--- Source data ---
******
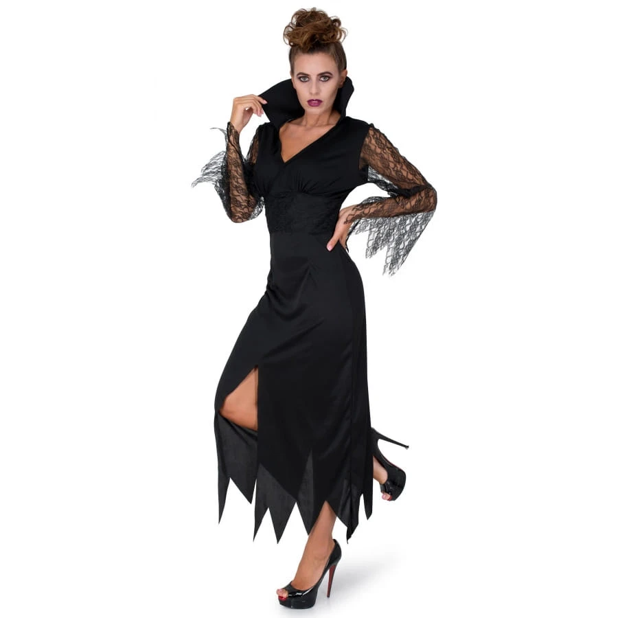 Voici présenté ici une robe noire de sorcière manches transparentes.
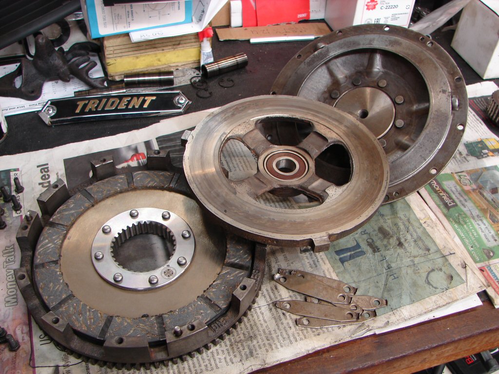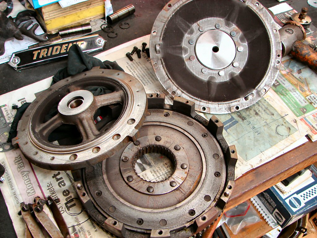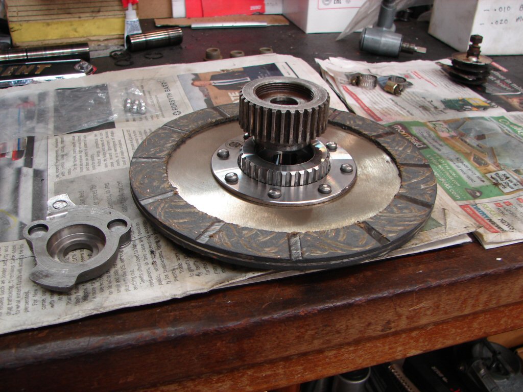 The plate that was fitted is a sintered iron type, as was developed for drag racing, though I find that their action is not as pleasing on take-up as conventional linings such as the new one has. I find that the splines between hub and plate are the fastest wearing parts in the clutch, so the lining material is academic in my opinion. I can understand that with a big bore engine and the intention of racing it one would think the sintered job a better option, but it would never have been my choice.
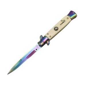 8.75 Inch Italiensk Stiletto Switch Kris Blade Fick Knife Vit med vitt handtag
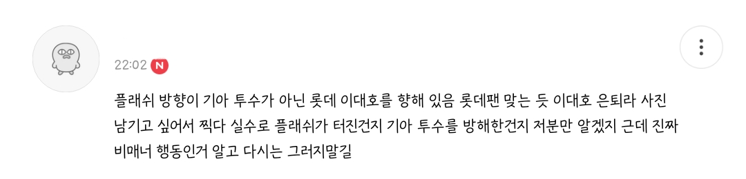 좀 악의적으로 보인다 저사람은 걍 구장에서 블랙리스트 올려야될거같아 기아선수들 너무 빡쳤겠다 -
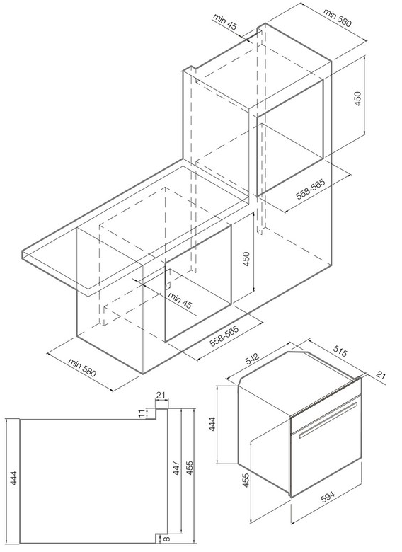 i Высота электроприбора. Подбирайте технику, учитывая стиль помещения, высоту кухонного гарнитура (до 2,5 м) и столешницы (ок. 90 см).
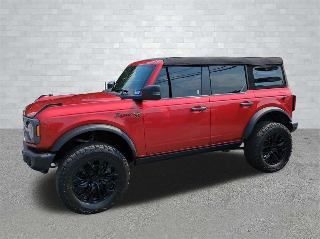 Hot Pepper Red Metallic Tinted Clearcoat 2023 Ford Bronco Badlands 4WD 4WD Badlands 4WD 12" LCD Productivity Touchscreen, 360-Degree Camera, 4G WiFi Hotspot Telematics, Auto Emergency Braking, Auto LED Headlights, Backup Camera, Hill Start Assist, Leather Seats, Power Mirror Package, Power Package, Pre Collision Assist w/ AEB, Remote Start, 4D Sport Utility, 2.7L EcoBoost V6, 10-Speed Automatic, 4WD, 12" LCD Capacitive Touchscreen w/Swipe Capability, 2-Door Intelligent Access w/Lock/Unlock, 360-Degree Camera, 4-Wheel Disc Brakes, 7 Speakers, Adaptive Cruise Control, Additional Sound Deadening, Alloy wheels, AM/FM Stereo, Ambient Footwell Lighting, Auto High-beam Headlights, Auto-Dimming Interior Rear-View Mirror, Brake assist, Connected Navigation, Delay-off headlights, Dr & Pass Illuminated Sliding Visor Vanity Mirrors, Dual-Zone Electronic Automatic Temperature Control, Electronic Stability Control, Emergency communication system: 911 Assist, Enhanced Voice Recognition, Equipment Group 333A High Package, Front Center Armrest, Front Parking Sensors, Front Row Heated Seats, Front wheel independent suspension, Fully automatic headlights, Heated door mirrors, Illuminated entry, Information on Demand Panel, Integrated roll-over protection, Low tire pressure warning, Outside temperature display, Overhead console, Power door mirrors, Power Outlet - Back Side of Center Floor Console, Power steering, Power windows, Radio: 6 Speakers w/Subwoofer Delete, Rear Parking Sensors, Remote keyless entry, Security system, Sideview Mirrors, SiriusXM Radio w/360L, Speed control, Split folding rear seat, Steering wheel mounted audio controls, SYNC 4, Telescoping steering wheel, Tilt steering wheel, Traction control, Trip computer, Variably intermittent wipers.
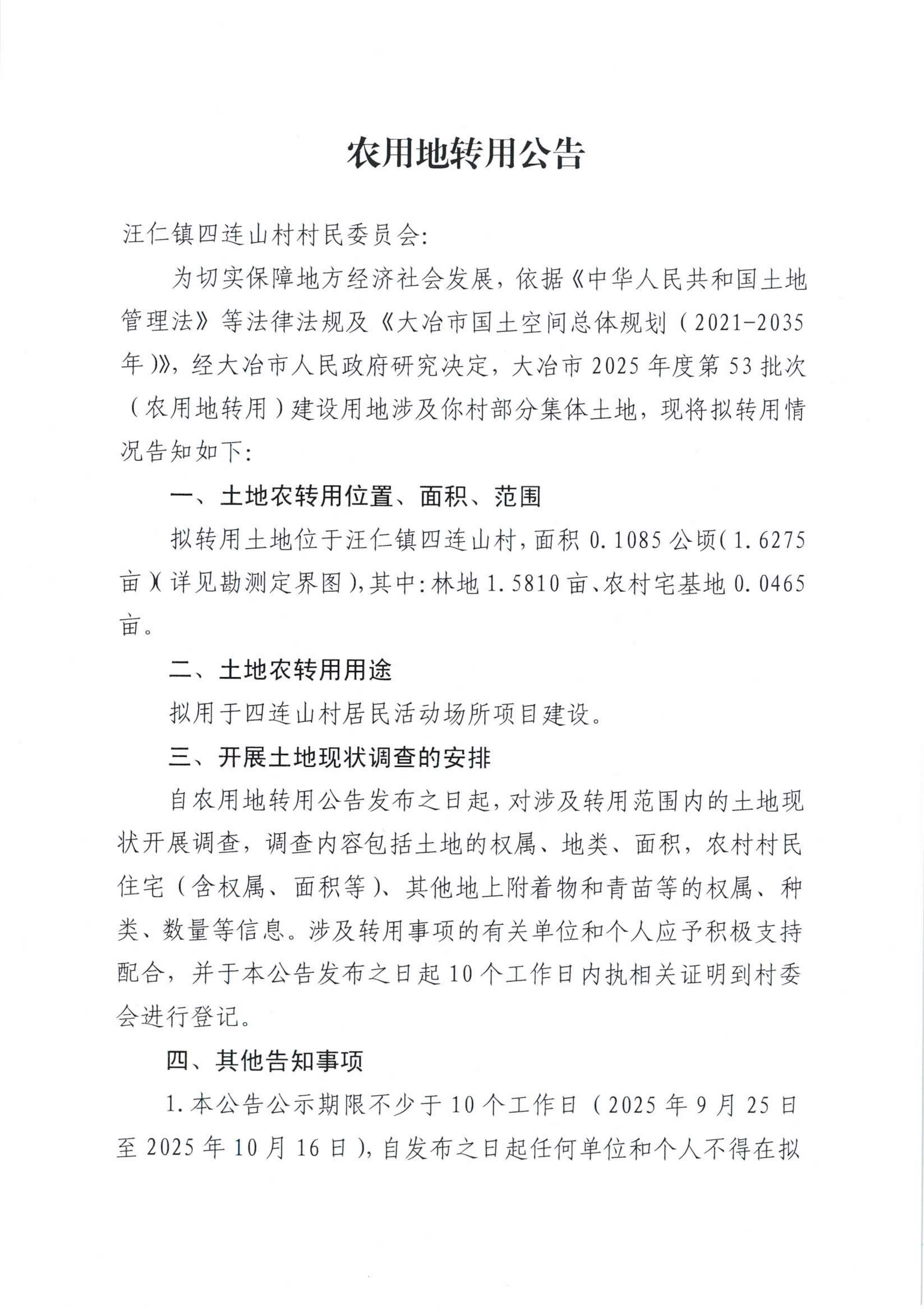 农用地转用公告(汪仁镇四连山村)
******
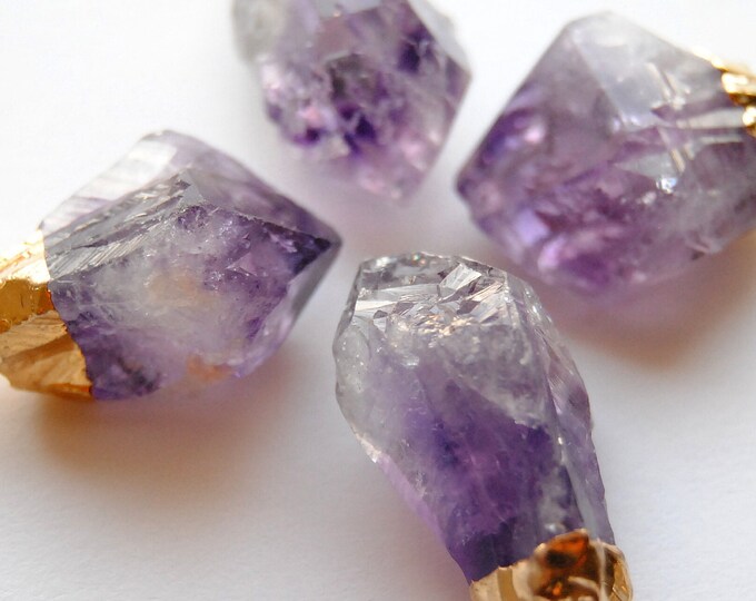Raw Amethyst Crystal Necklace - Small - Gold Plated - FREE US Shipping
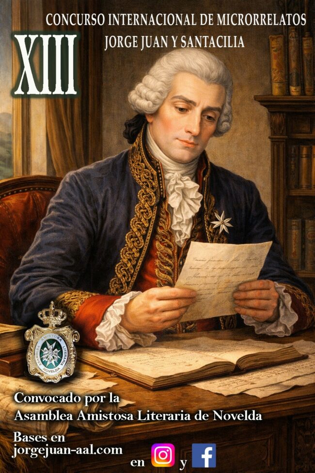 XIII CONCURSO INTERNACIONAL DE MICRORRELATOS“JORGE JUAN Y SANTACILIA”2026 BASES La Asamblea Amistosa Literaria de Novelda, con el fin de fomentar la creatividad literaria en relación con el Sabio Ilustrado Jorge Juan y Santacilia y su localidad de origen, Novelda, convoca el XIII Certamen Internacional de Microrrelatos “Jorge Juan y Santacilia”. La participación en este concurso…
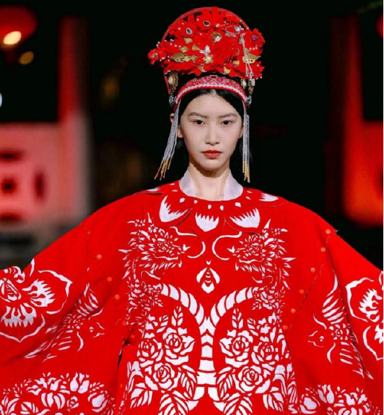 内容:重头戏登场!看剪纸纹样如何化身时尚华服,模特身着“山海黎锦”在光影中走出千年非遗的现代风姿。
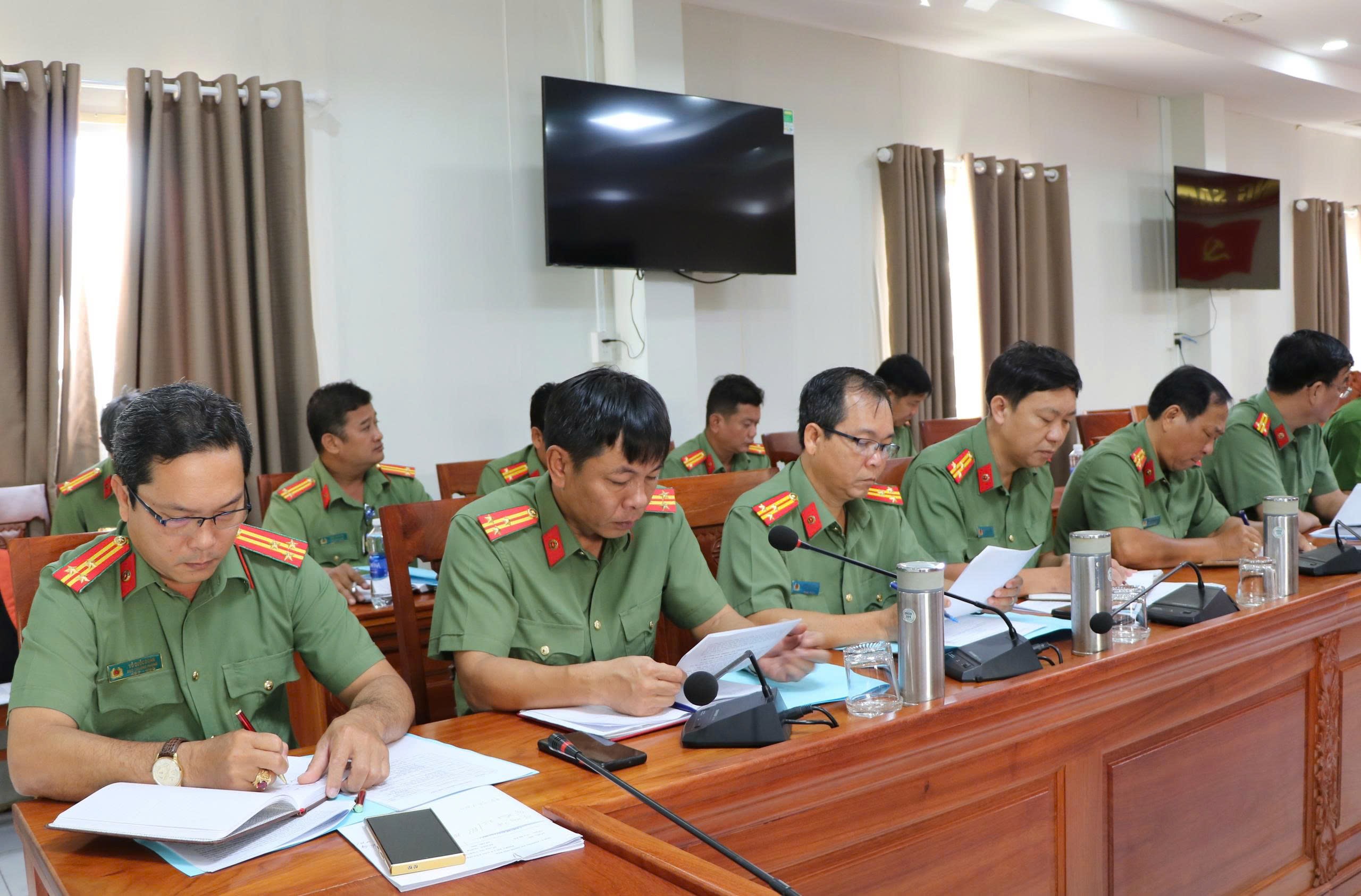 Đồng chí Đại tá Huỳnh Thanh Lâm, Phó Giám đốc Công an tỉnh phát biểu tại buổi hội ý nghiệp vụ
******
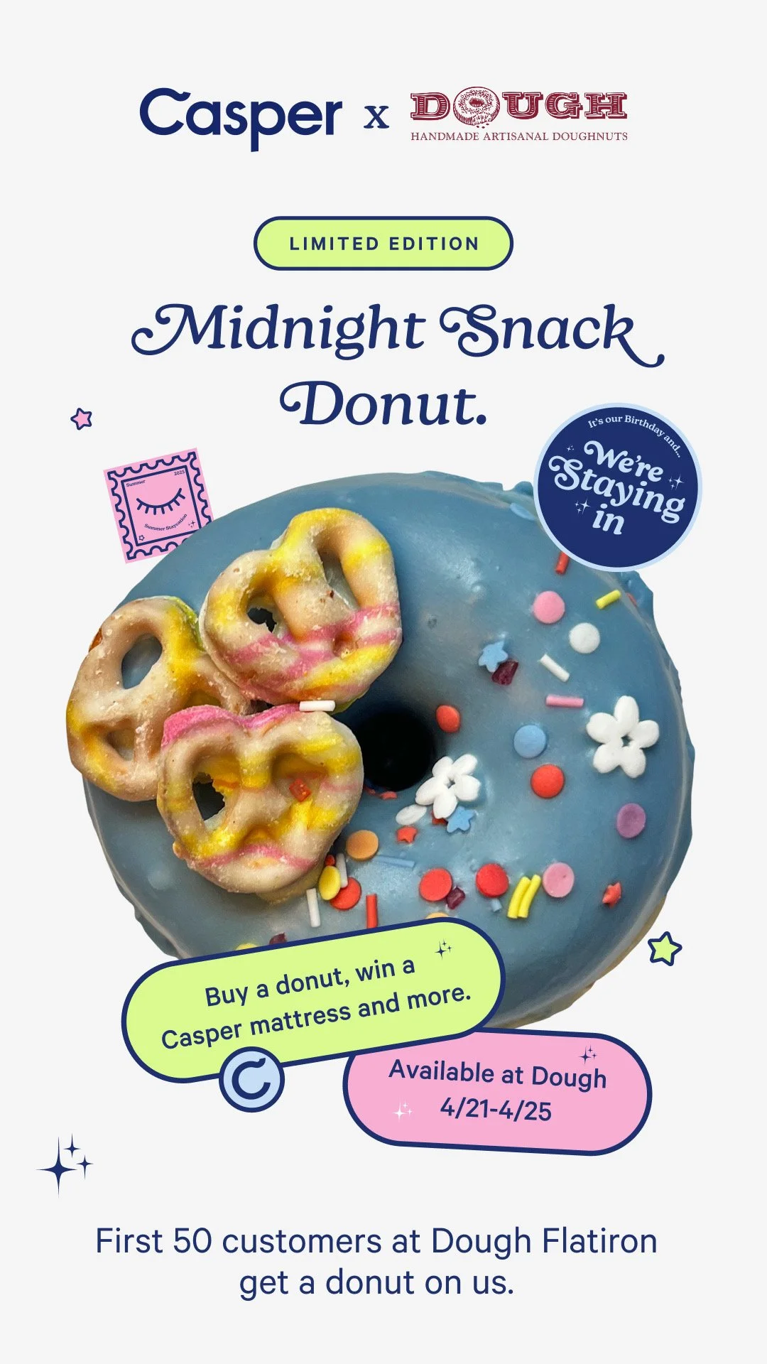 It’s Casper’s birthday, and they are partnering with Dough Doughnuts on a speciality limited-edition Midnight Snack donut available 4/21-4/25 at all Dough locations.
******
--- Activity ---
Within the entries above, give again exactly the lines starting at the one that contains "内容:重头戏登场!看剪纸纹样" and ending at the one that contains "Đồng chí Đại", leaving out the pictures.

--- Task response ---
 内容:重头戏登场!看剪纸纹样如何化身时尚华服,模特身着“山海黎锦”在光影中走出千年非遗的现代风姿。
 Đồng chí Đại tá Huỳnh Thanh Lâm, Phó Giám đốc Công an tỉnh phát biểu tại buổi hội ý nghiệp vụ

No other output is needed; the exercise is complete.